Interest only mortgage holders to review repayment vehicles.
Lenders are tightening their interest only mortgage lending criteria but deals still remain available.
With interest only mortgage deals accounting for around 43 per cent of all mortgages held in the UK, there are fears that many may not have an adequate repayment vehicle in place to pay the capital owed at the end of the term.
In December last year the FSA ruled that interest only mortgages should be judged as a repayment deal by lenders assessing applicants affordability.
This ruling prompted Santander to reduce its LTV from 75 to 50 percent and Lloyds brought in some restrictions on acceptable repayment vehicles.

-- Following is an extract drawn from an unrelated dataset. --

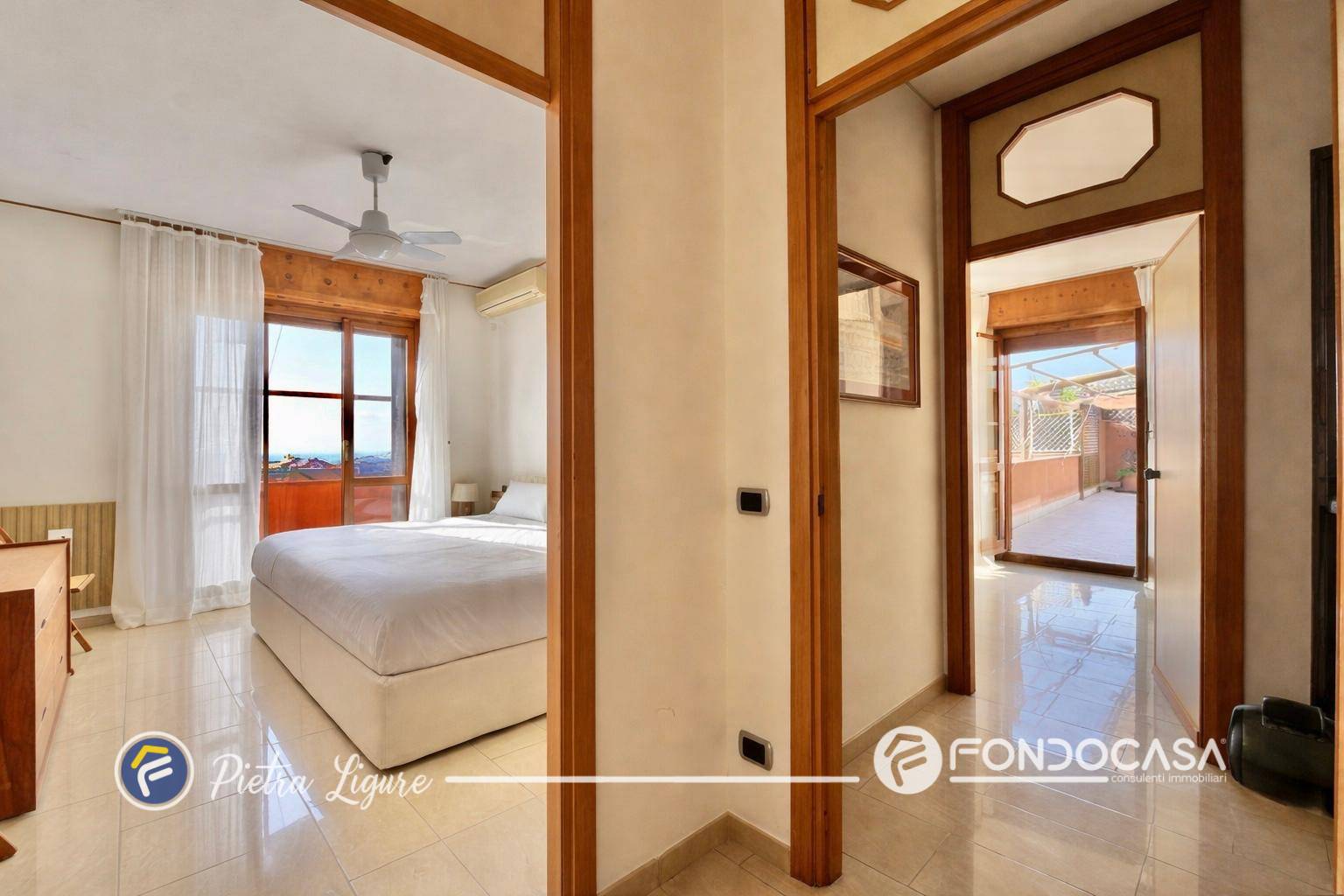 Grazie al disimpegno si accede alla camera matrimoniale, anch'essa con sfogo sulla balconata, ed al bagno finestrato con vasca.

Council of Mortgage Lenders figures show that in 2007 a third of all mortgage approvals were interest-only with around three quarters having no repayment vehicle in place.
The FSA claim that the lack of adequate repayment vehicles could lead many to experience problems as they reach the end of their mortgage term.
Interest only mortgage holders should review their repayment vehicle and if it looks likely to fall short of the capital required at the end of the term, switching to a repayment deal could be the best move.
Deal Direct are 'whole of market' brokers and as such are well placed to find you a competitive repayment mortgage. If you are looking to switch from your current interest only mortgage deal then contact us today and we will search the UK mortgage market on your behalf for the best rate on offer.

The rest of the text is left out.